Video producers can secure OTT content against piracy with client-side watermarking

Watermarking solutions are extensively being used today to secure video content from illegal distribution. These approaches can be implemented either on the client side, server side, or a combination of the two (“hybrid”).

In the client-side watermarking approach, the content server sends a unique content copy to all users through broadcasting channels without the need to generate unique watermarking copies. The use of a broadcasting system eliminates bottlenecks associated with computational burden and bandwidth requirements which are generally faced on the server side and network node. Client-side solutions are securely integrated with media players or embedded in lightweight and versatile hardware. Further, the watermark extraction process can be performed within a minute (compared to up to 15 minutes in server-side applications) making them highly suitable for preventing live sports streaming piracy.

However, since client devices cannot be trusted completely, there is a need to devise solutions that prevent malicious users from accessing the original content or inserting the watermark. Secure video watermarking embedding is a novel approach that has been developed to address this concern. Here, while the server transmits the same encrypted version of the original asset to all the clients, a client-specific secret is used to decrypt the content as well as embed a personalized watermark, thereby creating a uniquely watermarked version of the content.
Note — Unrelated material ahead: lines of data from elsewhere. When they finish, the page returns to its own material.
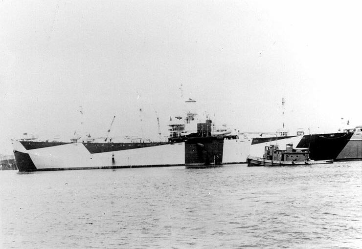 USS Stag (AW-1) photographed circa mid-1944, probably upon completion of conversion to a water distilling ship. Note: she is painted in Camouflage Measure 32, Design 11F. The medium tones of this pattern are only faintly visible on the ship's forward and midships hull sides. US Navy photo #NH 85469. Official Navy photo taken from
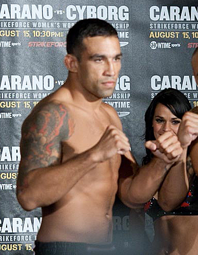 Brazilian mixed martial artist Fabricio Werdum, at the weigh-in before the Strikeforce: Carano vs. Cyborg event.
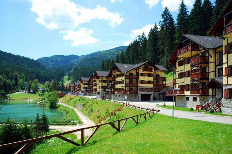 Mountain Resort Hrabovo
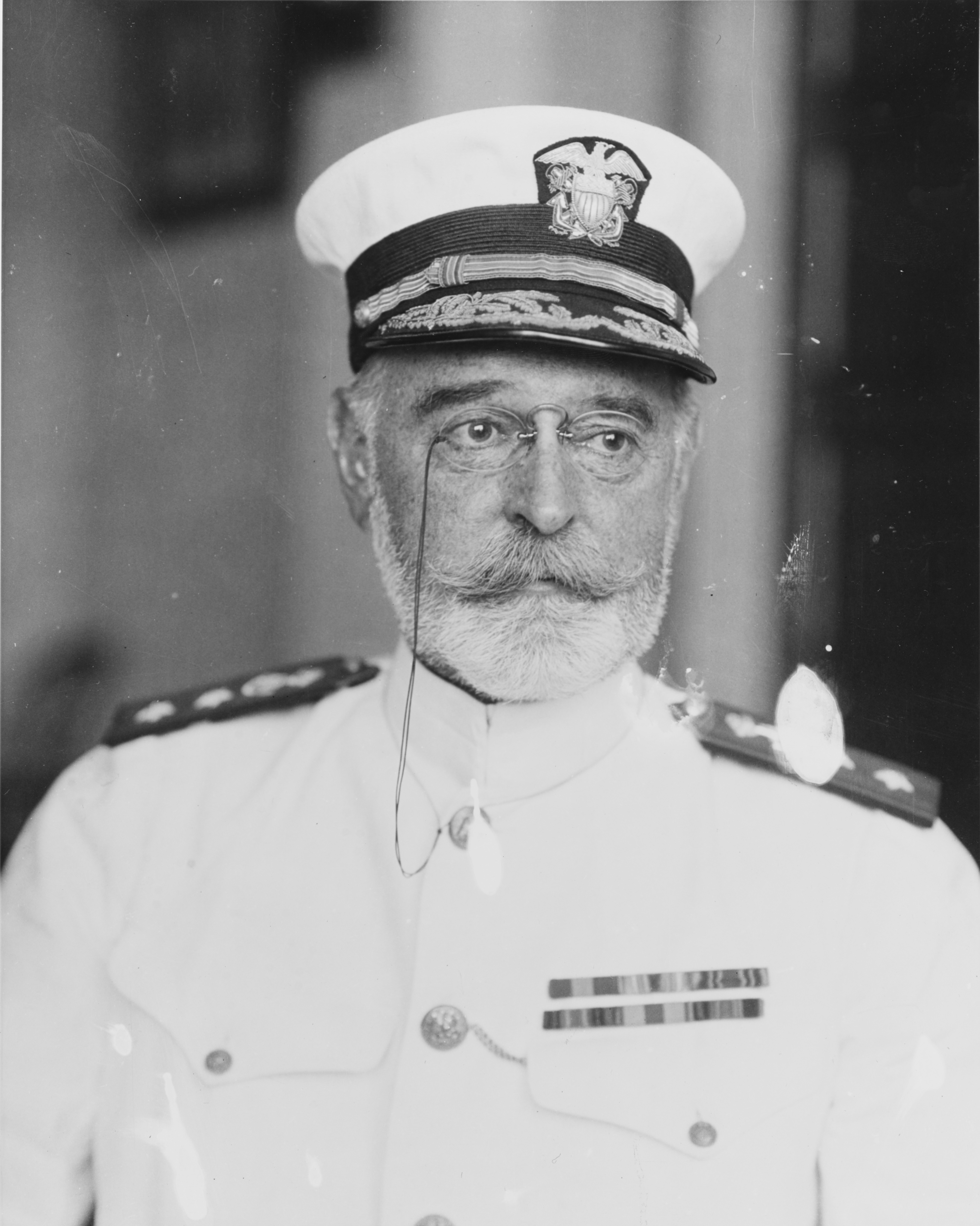 Photographed 25 June 1921. Photograph from the Bureau of Ships Collection in the U.S. National Archives.

In addition, client-side watermarking also exposes the watermarking logic which can be tampered with to bypass watermarking. This can be achieved by reverse-engineering the exposed JavaScript code or by modifying the DOM (document object model). DOM modification can be done by changing, introducing, or removing visual elements in the application.

Therefore, additional tamper-proofing solutions must be employed to secure DRM protected content. To tackle JavaScript reverse engineering, the agent’s code must be protected by using JavaScript obfuscation along with anti-debugging and anti-tampering techniques. They break the web layer in the event of an attack and thereby prevent code analysis. DOM tampering, on the other hand, can be addressed by real time monitoring of the DOM to detect and block any kind of watermark tampering attempt. In addition, web page monitoring solutions can be employed to detect modifications in the DOM (changes to HTML elements or CSS properties) irrespective of the delivery mechanism.